### Task goal
Transcribe everything in the listing as written, and let no image into the copy.

### Provided material
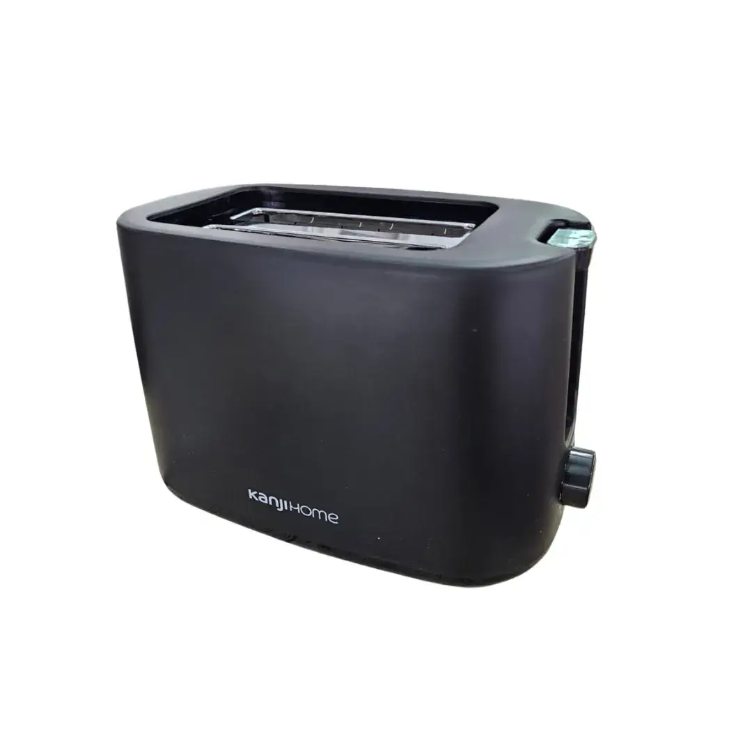 Tostadora KanjiHome negra KJH-TM800-05. Diseño moderno con ranuras anchas, múltiples niveles de tostado y función de cancelación para un desayuno perfecto.
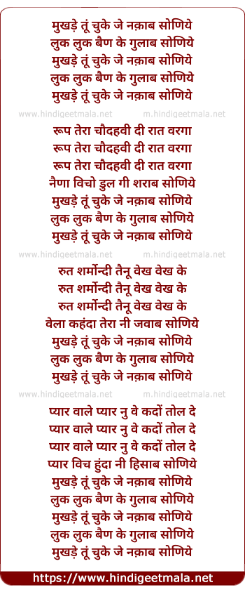 Lyrics of Mukhde Tun Chuken Je - मुखड़े तूं चुके जे नक़ाब सोणिये
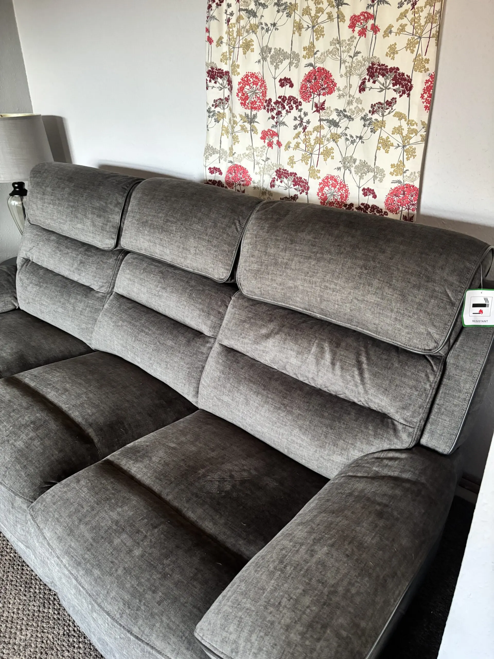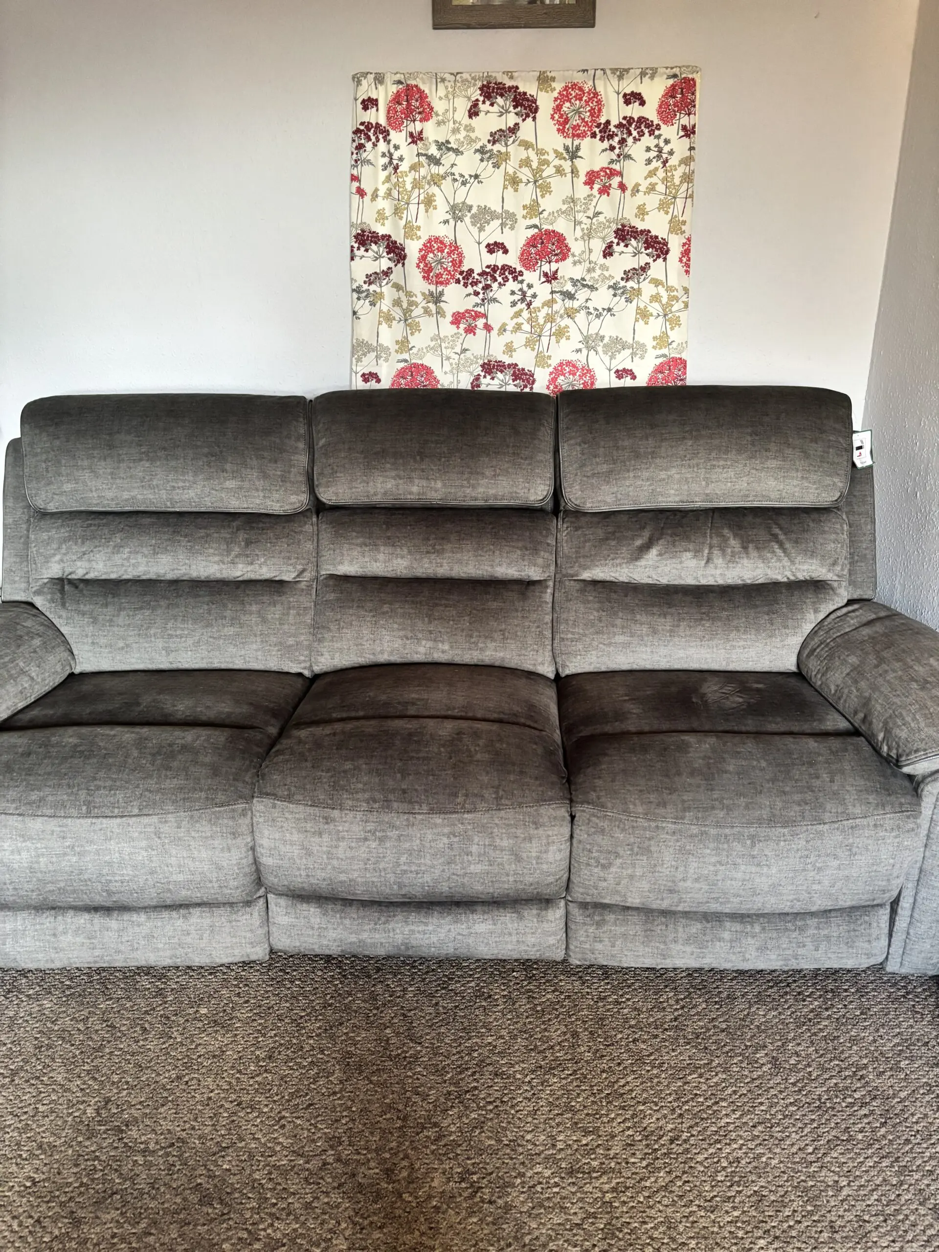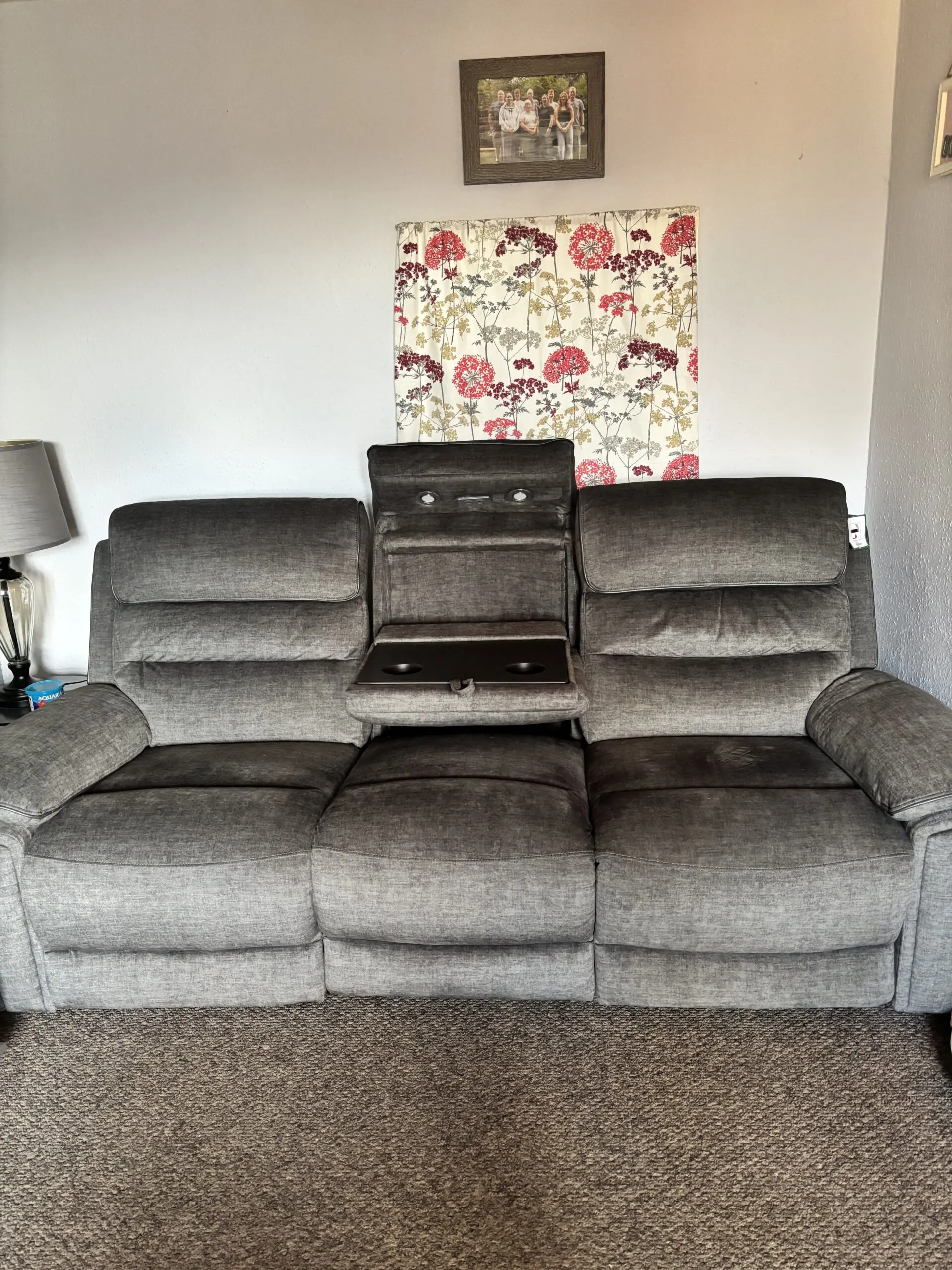 3 seater Power recliner sofa, . Middle chair converts to table with cup holders and reading lights. Both ends have charging usb points however right side not working but does not effect use of the recliner..

### Result for this task
 Tostadora KanjiHome negra KJH-TM800-05. Diseño moderno con ranuras anchas, múltiples niveles de tostado y función de cancelación para un desayuno perfecto.
 Lyrics of Mukhde Tun Chuken Je - मुखड़े तूं चुके जे नक़ाब सोणिये
 3 seater Power recliner sofa, . Middle chair converts to table with cup holders and reading lights. Both ends have charging usb points however right side not working but does not effect use of the recliner..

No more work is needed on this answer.